§ What you are asked to do: Would you transcribe the entries below, beginning at the line with "födém, terméskő, forgácslap" and ending after the line with "- Khung collection.project", exactly, with no picture and nothing more?

§ Data:

-=-=-

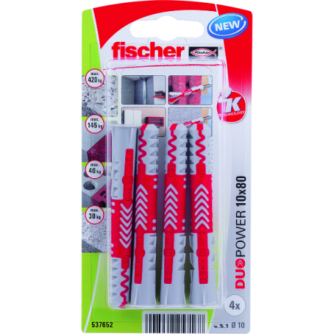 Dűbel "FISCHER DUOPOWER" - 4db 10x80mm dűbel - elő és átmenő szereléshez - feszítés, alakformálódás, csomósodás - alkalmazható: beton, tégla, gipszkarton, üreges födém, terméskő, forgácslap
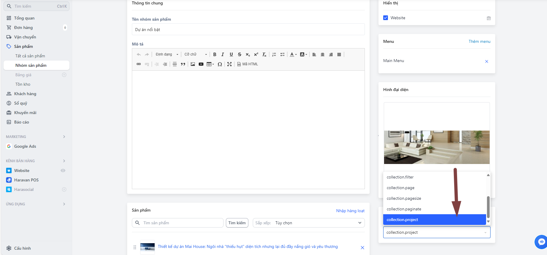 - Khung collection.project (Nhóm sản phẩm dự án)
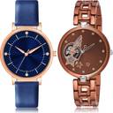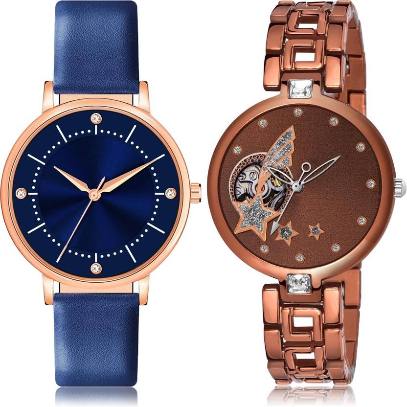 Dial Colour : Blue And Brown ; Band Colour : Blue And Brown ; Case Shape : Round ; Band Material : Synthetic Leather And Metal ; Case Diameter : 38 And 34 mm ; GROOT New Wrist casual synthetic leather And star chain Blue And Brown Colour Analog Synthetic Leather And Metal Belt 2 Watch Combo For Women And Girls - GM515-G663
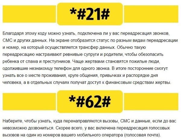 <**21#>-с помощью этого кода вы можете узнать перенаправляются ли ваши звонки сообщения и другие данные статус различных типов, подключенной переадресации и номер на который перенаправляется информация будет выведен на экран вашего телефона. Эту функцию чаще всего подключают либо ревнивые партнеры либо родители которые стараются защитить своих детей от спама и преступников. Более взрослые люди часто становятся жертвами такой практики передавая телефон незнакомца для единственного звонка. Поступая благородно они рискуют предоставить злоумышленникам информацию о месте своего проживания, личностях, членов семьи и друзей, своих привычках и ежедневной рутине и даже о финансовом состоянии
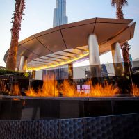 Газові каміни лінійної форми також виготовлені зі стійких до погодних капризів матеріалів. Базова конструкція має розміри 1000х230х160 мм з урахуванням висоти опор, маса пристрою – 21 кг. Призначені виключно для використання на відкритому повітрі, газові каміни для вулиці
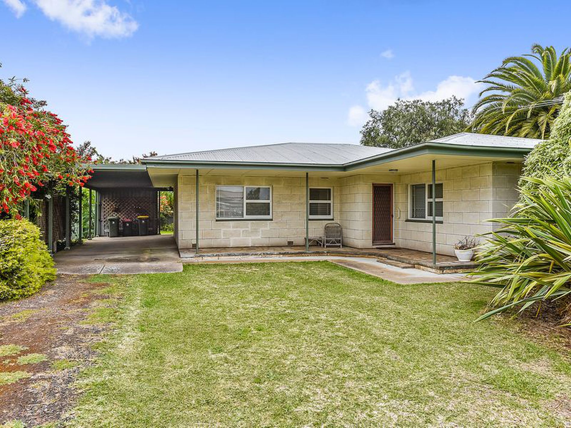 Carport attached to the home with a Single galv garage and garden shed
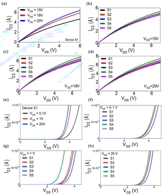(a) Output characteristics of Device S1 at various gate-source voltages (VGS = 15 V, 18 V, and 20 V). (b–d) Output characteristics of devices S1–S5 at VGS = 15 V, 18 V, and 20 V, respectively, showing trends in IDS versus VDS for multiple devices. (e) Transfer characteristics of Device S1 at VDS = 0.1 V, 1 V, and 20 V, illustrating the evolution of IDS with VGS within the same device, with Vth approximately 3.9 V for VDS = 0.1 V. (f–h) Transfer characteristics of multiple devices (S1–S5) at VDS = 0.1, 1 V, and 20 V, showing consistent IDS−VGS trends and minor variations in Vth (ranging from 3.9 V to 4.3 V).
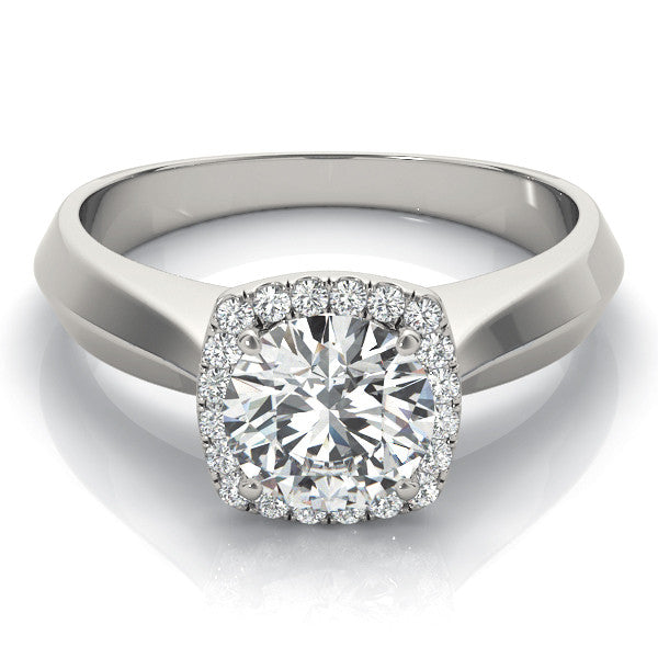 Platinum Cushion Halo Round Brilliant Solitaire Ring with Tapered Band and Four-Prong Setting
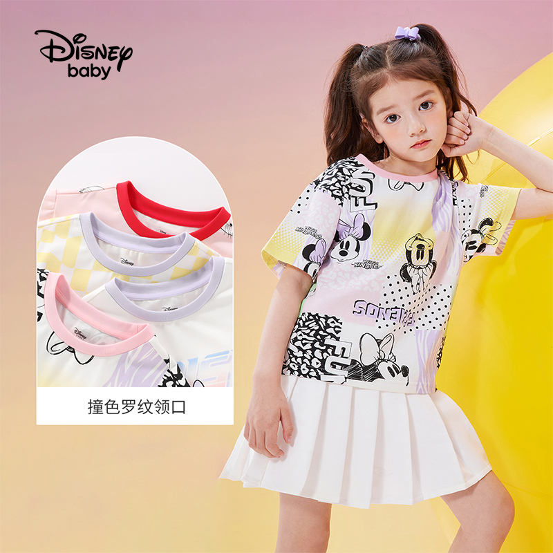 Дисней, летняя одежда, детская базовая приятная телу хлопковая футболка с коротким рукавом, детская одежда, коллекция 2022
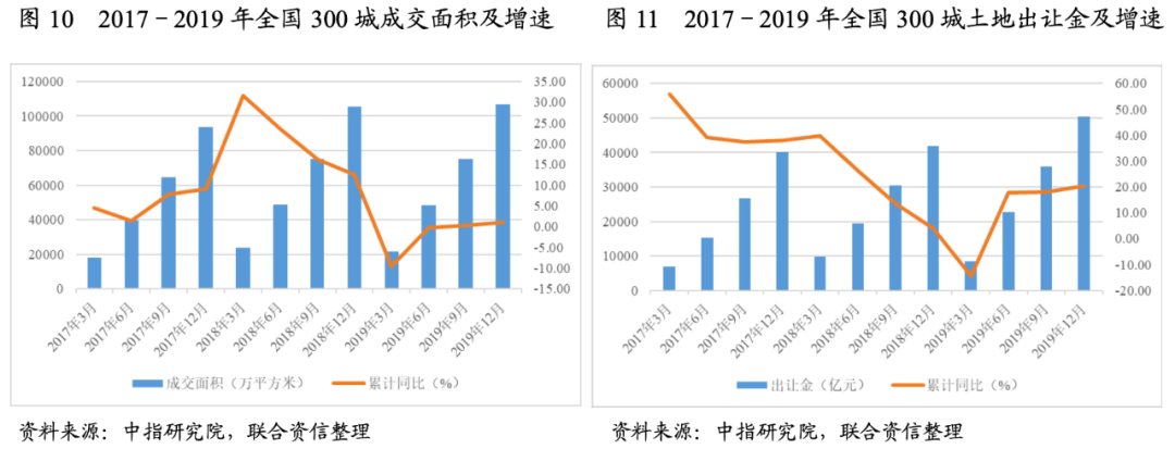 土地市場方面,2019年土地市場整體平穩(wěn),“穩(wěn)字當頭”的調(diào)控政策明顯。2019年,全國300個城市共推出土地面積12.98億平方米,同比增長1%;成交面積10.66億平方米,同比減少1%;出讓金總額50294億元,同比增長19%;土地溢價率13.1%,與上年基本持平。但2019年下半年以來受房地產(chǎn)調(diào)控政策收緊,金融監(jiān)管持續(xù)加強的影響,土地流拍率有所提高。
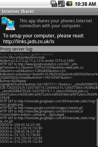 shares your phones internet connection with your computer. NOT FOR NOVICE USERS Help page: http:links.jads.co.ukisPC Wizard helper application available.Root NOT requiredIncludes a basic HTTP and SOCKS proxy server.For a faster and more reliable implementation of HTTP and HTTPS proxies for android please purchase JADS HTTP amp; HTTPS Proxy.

-=-=-

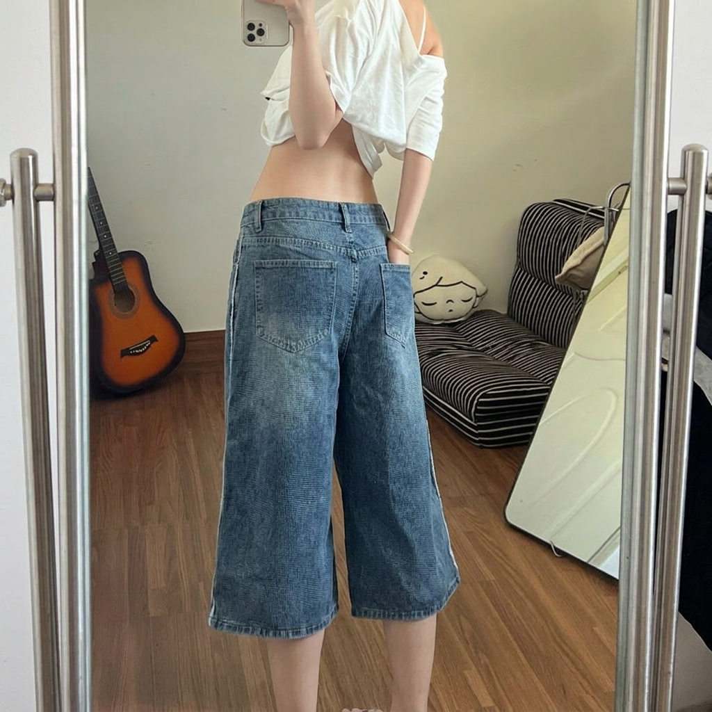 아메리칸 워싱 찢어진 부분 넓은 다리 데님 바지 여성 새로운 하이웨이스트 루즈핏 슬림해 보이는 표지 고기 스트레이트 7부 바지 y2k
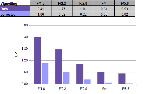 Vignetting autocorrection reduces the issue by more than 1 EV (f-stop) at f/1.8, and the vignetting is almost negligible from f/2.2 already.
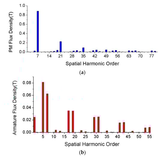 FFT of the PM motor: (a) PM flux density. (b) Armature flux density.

-=-=-

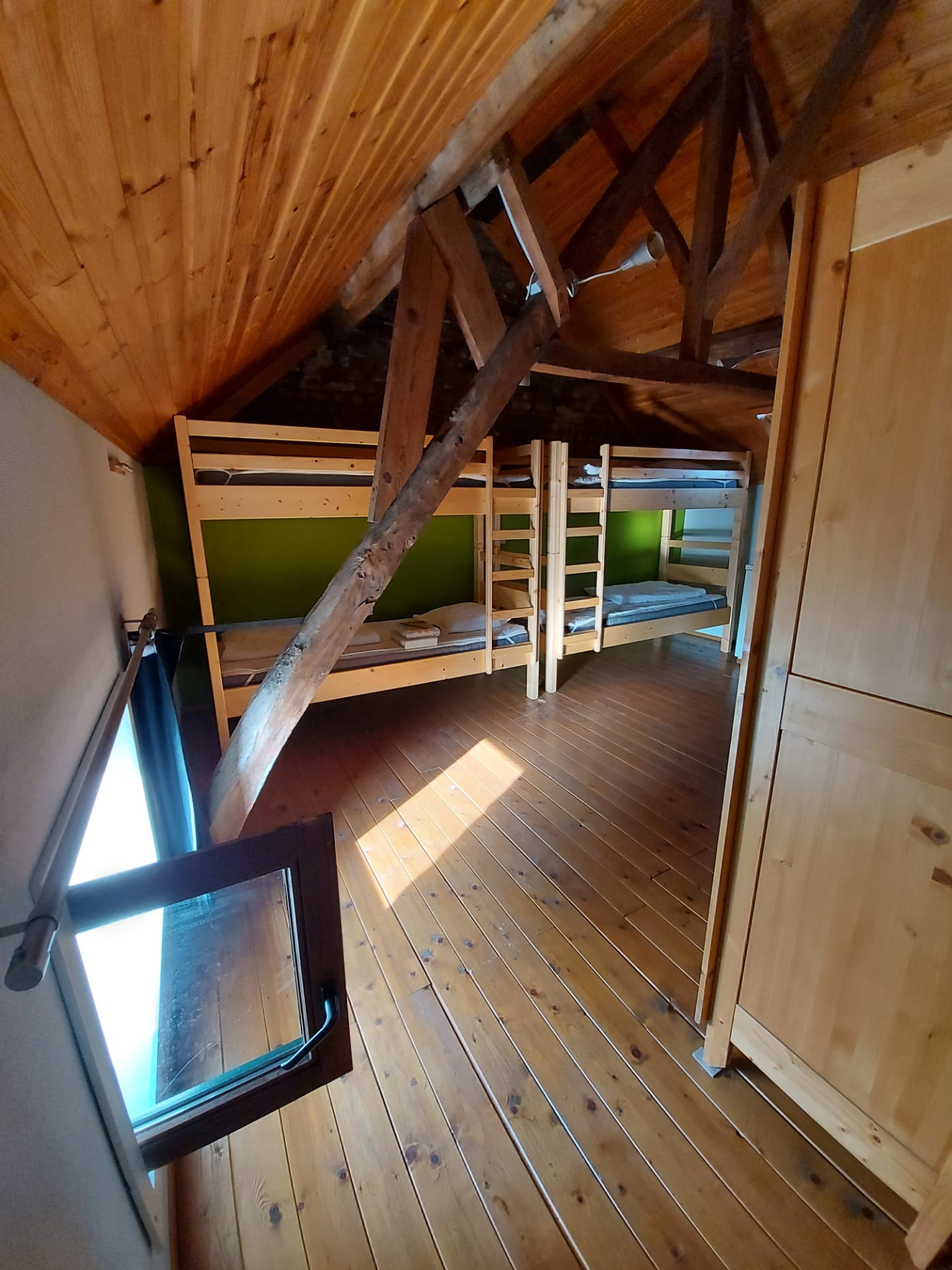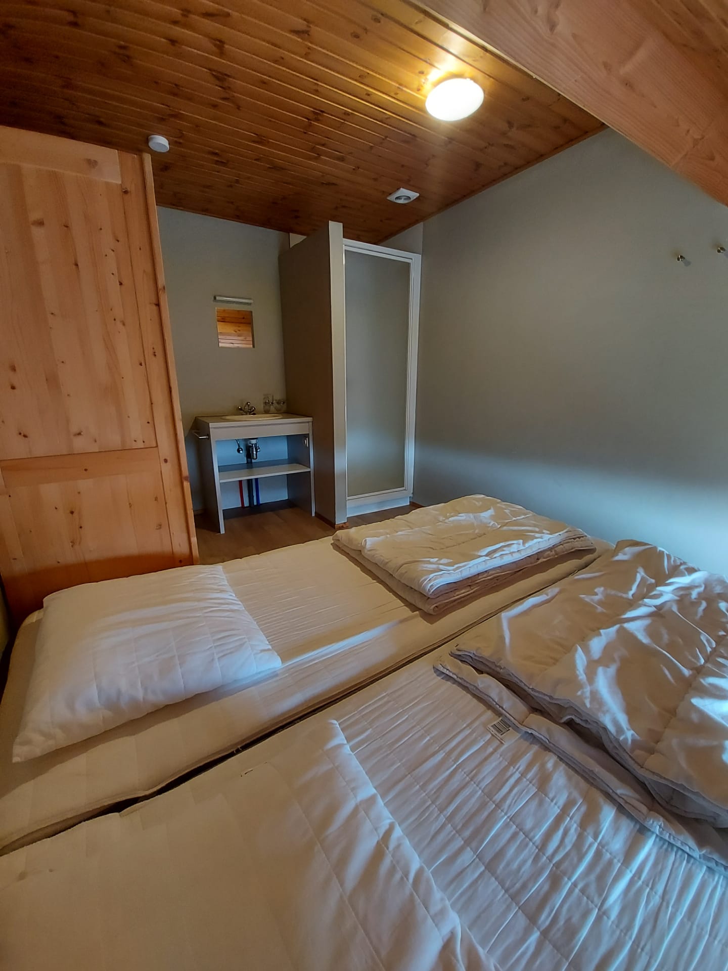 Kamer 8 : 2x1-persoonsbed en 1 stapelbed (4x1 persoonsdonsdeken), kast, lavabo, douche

-=-=-

§ Answer to the exercise:
 Dűbel "FISCHER DUOPOWER" - 4db 10x80mm dűbel - elő és átmenő szereléshez - feszítés, alakformálódás, csomósodás - alkalmazható: beton, tégla, gipszkarton, üreges födém, terméskő, forgácslap
 - Khung collection.project (Nhóm sản phẩm dự án)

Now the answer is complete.